I’m sure all sorts of Super Cool Industry Stuff happened here this winter, and some people got sick in the stunt park or whatever, but the actual stars this year were the snowmaking and cat crews. They made a Thanksgiving to Memorial Day ski season out of about two storms, grinding it out every night to rearrange a finite number of flakes into a fully operational battle station. Cheers, ladies!

As for the rest of it, the Meaning Of It All, the Winter Wrap-Up: dammit man, it’s hard to really picture it here on the sundeck, but I’ll try.

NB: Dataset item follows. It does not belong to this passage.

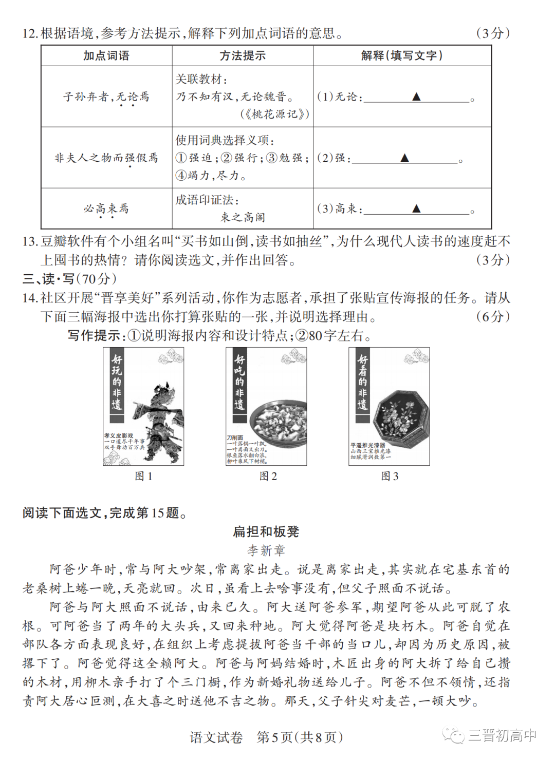 2023太原五中九年级摸底试题及答案全 含英语听力
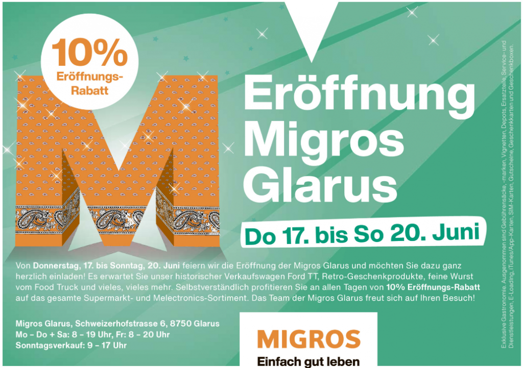 Vom Do. 17.06.2021 bis So. 20.06.2021 wird die Migros Glarus (direkt beim Bahnhof SBB) nach einer längeren Umbauphase inkl. Restaurant und melectronics wiedereröffnet. Es erwartet Sie unser historischer Verkaufswagen Ford TT, Retro-Geschenkprodukte, feine Wurst vom Food Truck und vieles, vieles mehr.

All those funerals… too many friends gone, and too soon. Life is violent enough already, you know? I got to ski and hang out with some really great people this season: the Crist brothers and Super G in Sun Valley, the surly goofball badasses of Silverton, the sweet hippie heroes of Jackson, the only two locals in Solitude (yeah, boys!), the whole Salomon crew on a corporate pond skimming retreat, patrollers and lifties and guides, skids, dirtbags, Chamonix kamikazes, washed up weirdos and next big things.

All the money, the women, the personal wax tech and ski caddy, wearing next year’s goggles at the bar… those are great perks for sure, but the reason I work for POWDER is shredding dumb happy laps with rad people. I hope we can keep it topside long enough that I get to ski with you too. If you’re in Chile this summer I’ll be testing next year’s gnarliest mountaineering gear on casual heli laps while I try to find out who the Austrian is really working for.